Let $p$ be a prime and let $A$ be an abelian normal $p$-subgroup of a finite group $G$. Hence, for any Sylow $p$-subgroup $H$ of $G$, it holds that $A$ is contained in $H$ and so $A$ is a normal subgroup of any Sylow $p$-subgroup of $G$. So now fix a Sylow $p$-subgroup $P$ of $G$.
How to show that the following two conditions are equivalent?
$1$. There is a split exact sequence $1\to A \to G \to G/A \to 1$.
$2$. There is a split exact sequence $1\to A \to P \to P/A \to 1$.

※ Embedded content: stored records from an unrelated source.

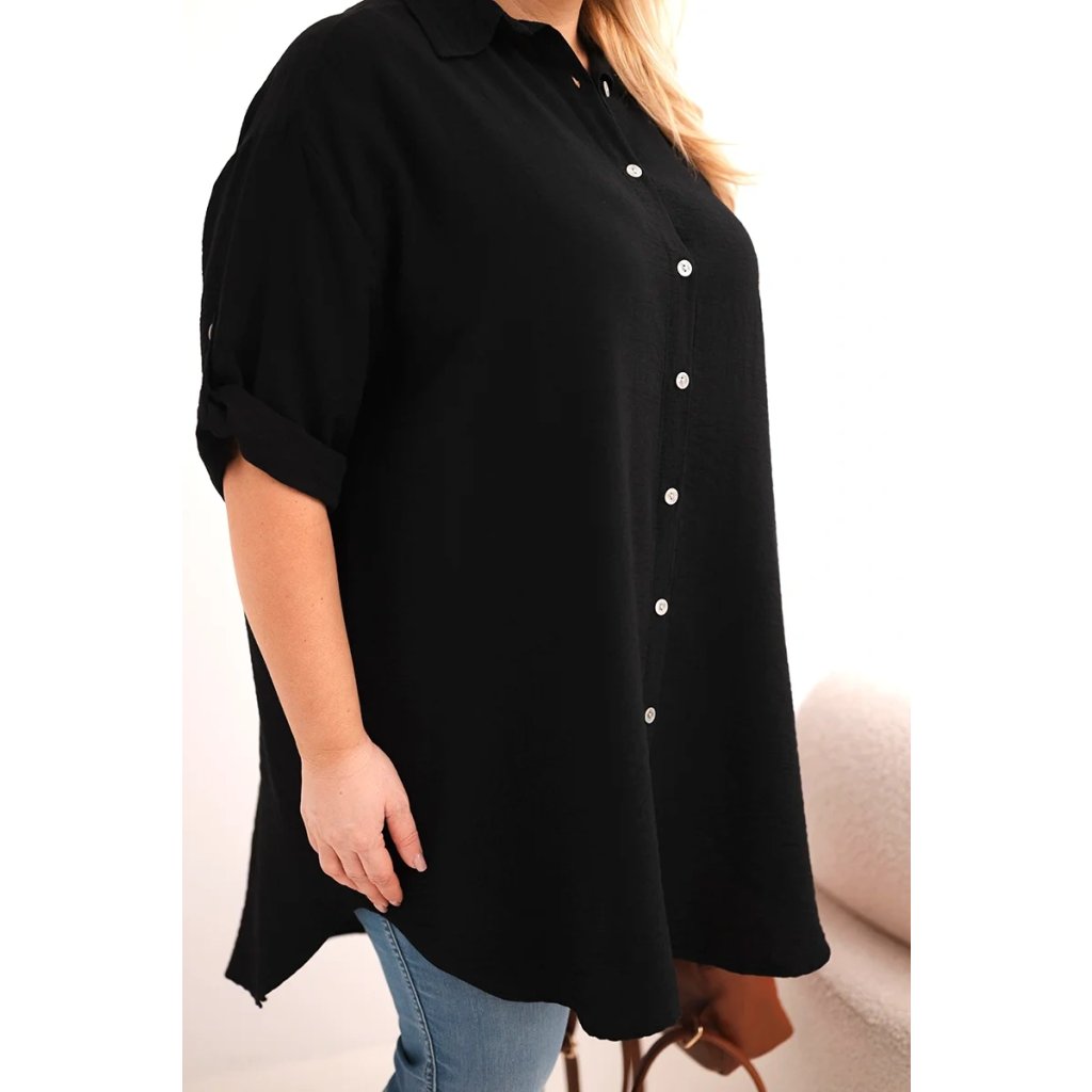 Dámská košile Plus Size z viskózy s delší zadní částí černá
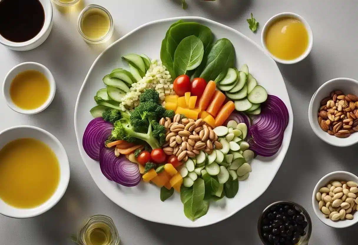 Salads that align with the ketogenic diet may have a positive impact on heart health by incorporating healthy fats that can support healthy cholesterol levels. Ingredients like olive oil are known for their heart-healthy properties. Furthermore, a low-carb diet that’s high in fiber and nutrition can aid in weight management due to its potential to reduce hunger and overall calorie intake. However, portion sizes and overall daily intake still need to be managed to ensure health benefits.
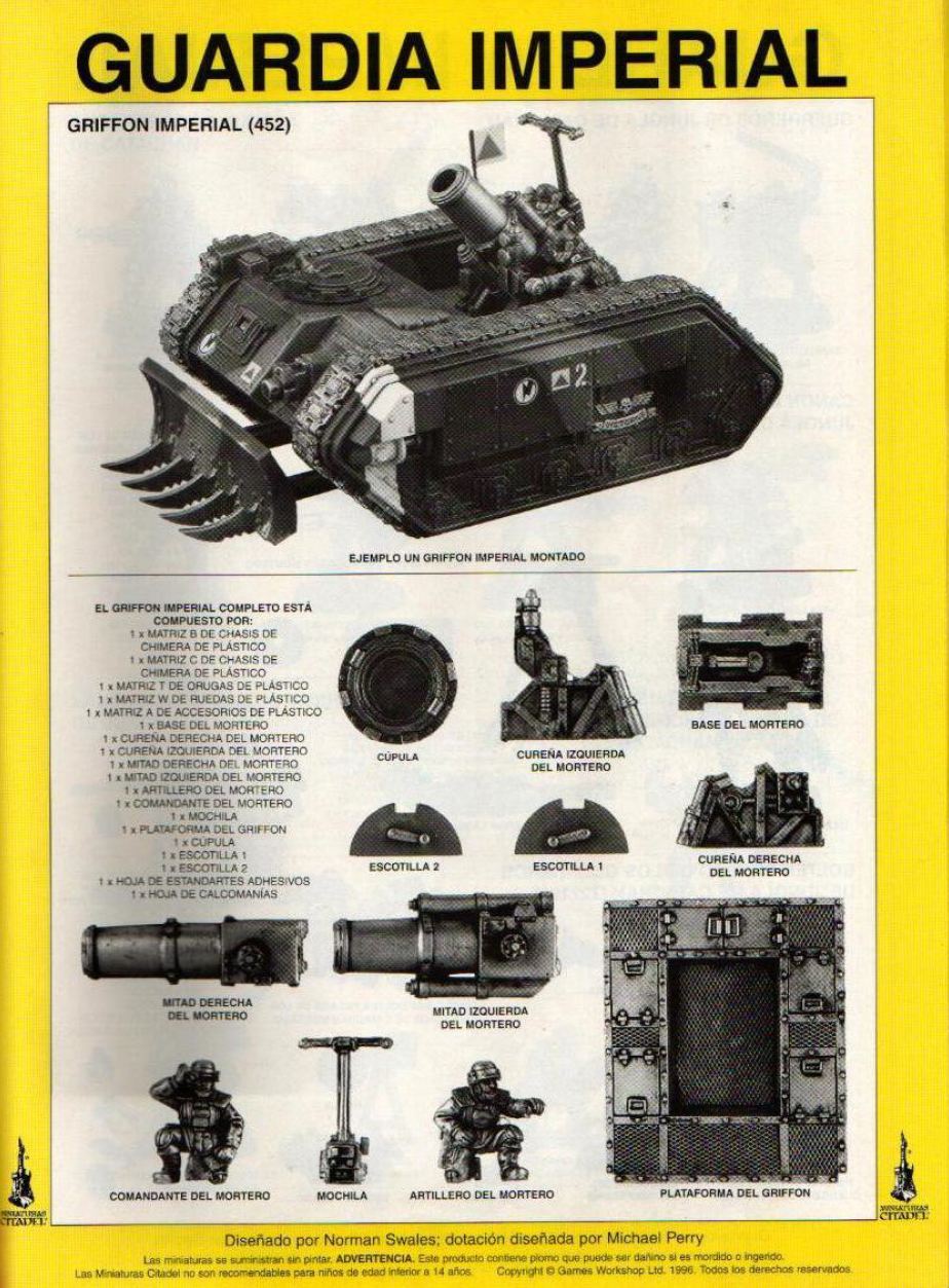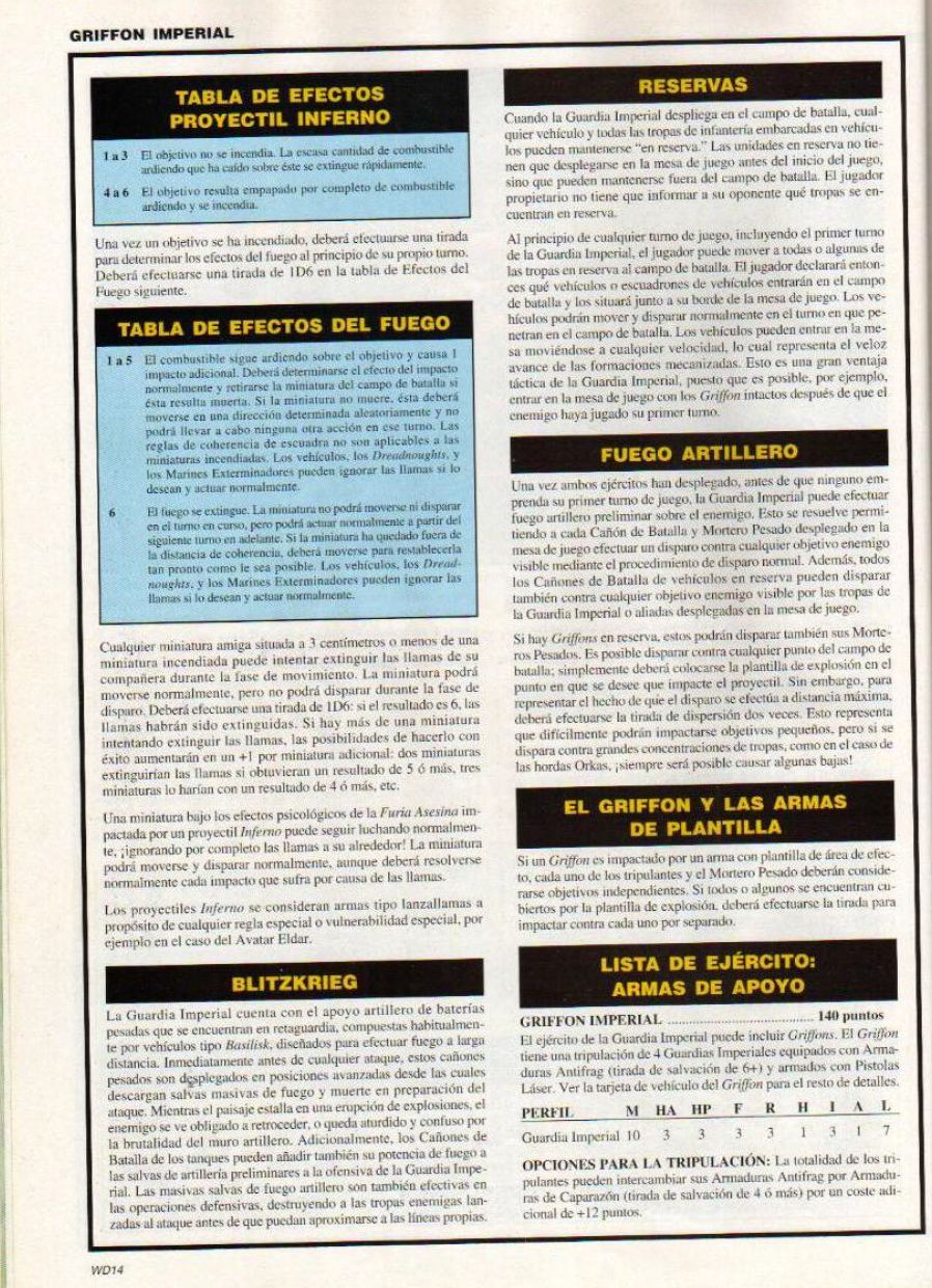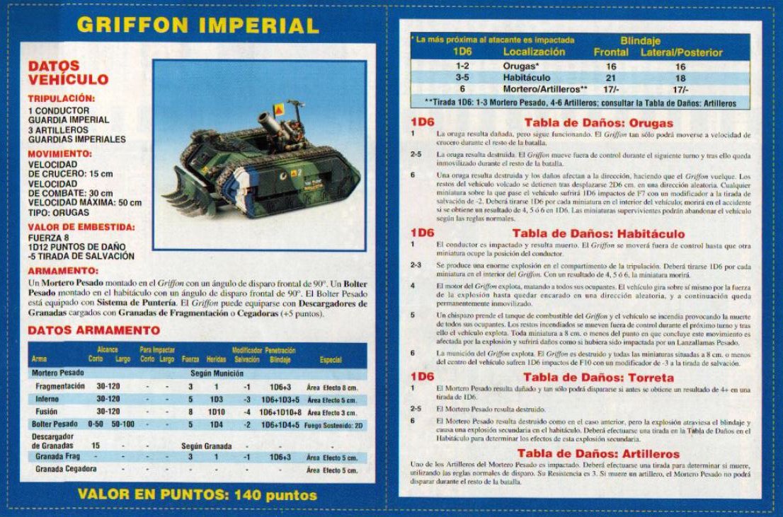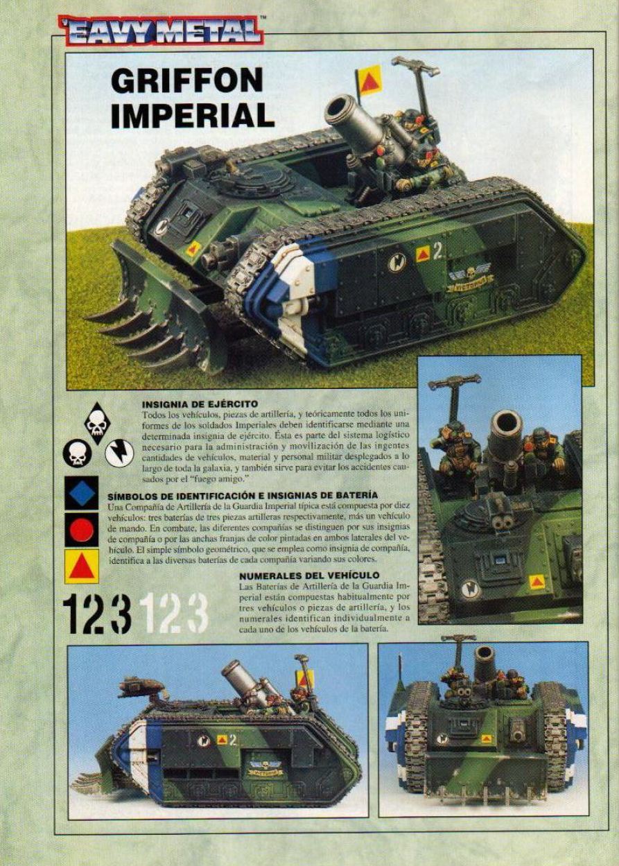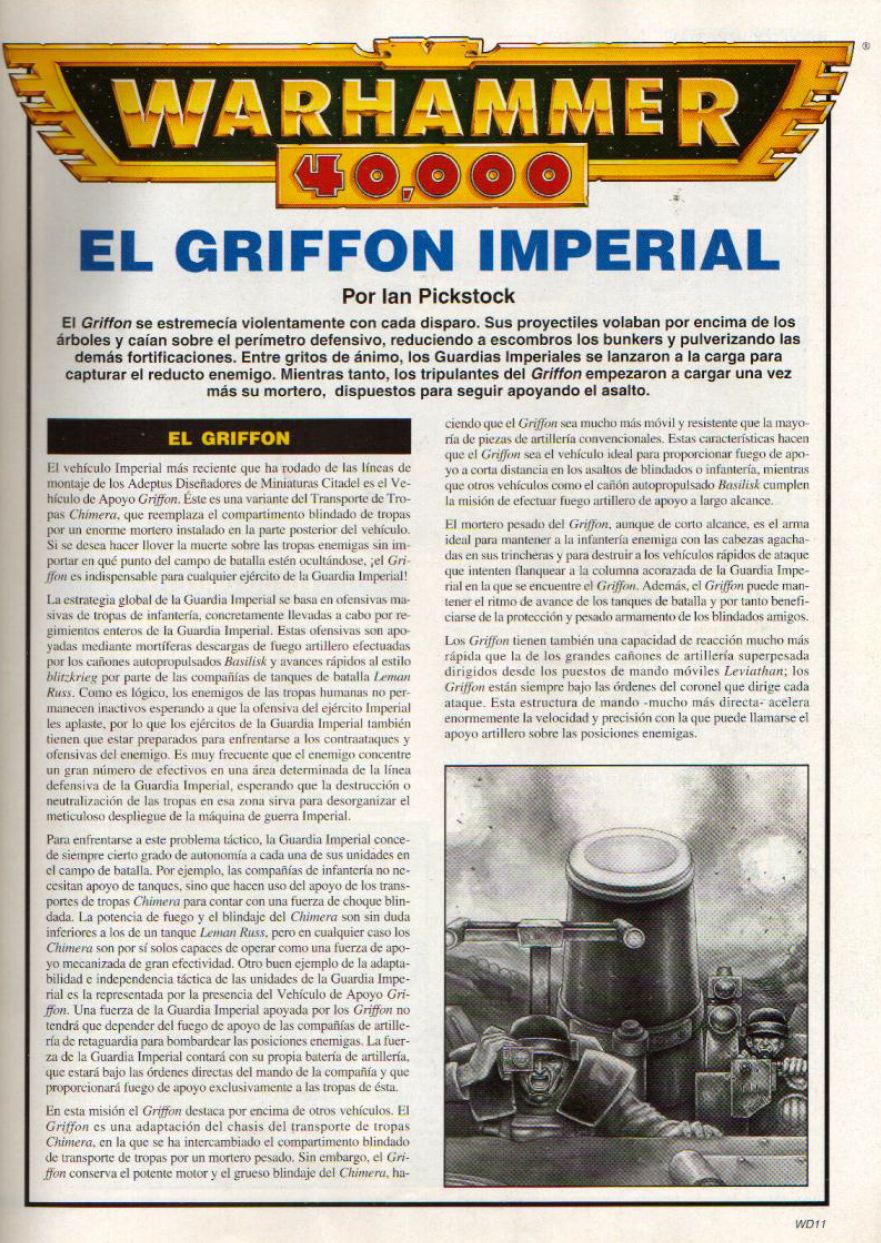 Warhammer 40.000 era, de nuevo, el plato principal de la White Dwarf. Hacía poco que había salido el códex de Guardia Imperial, así que había que anunciar todo lo posible a la Gloriosa. Había cinco páginas dedicadas al Griffon, incluida la hoja de datos que vemos aquí (y que algún recién llegado quizá la ve como complicada).
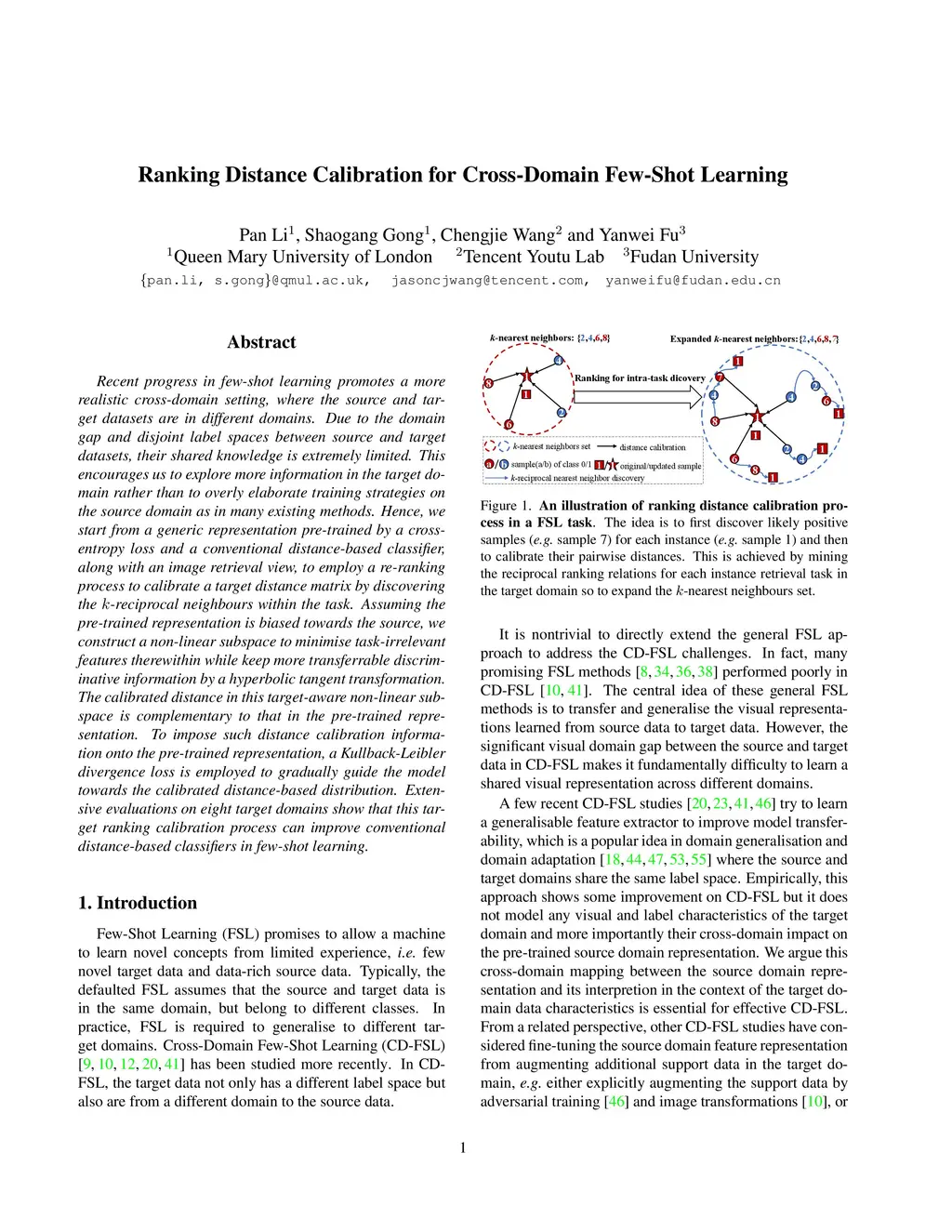 Recent progress in few-shot learning promotes a more realistic cross-domain setting, where the source and target datasets are from different domains. Due to the domain gap and disjoint label spaces between source and target datasets, their shared knowledge is extremely limited. This encourages us to explore more information in the target domain rather than to overly elaborate training strategies on the source domain as in many existing methods. Hence, we start from a generic representation pre-trained by a cross-entropy loss and a conventional distance-based classifier, along with an image retrieval view, to employ a re-ranking process for calibrating a target distance matrix by discovering the reciprocal k-nearest neighbours within the task. Assuming the pre-trained representation is biased towards the source, we construct a non-linear subspace to minimise task-irrelevant features therewithin while keep more transferrable discriminative information by a hyperbolic tangent transformation. The calibrated distance in this target-aware non-linear subspace is complementary to that in the pre-trained representation. To impose such distance calibration information onto the pre-trained representation, a Kullback-Leibler divergence loss is employed to gradually guide the model towards the calibrated distance-based distribution. Extensive evaluations on eight target domains show that this target ranking calibration process can improve conventional distance-based classifiers in few-shot learning.

My try: I think I can prove that $1.$ implies $2.$ Indeed, if $1.$ holds then there is a subgroup $B$ of $G$ such that $B\cong G/A$ and $G=BA$ and $B\cap A=1$. So then $P=P\cap (BA)=(P \cap B)A$, and we moreover have $(P\cap B)\cap A \subseteq B \cap A=1$. Thus $P$ is a semidirect product of $A$ and $P\cap B\cong P/A$. Thus the extension $1\to A \to P \to P/A \to 1$ splits. Is this correct? And I have no idea how to prove that $2.$ implies $1.$
Please help.
What you are asking about is a standard theorem of Gaschütz. You may want to consult the book by Kurzweil and Stellmacher "The Theory of Finite Groups: An Introduction". It is Theorem $3.3.2$ there, pp. $73-76$. Alternatively, you can find it in the original publication
Gaschütz, W.: Zur Erweiterungstheorie der endlichen Gruppen, J. reine angew. Math. 190 (1952), 93–107.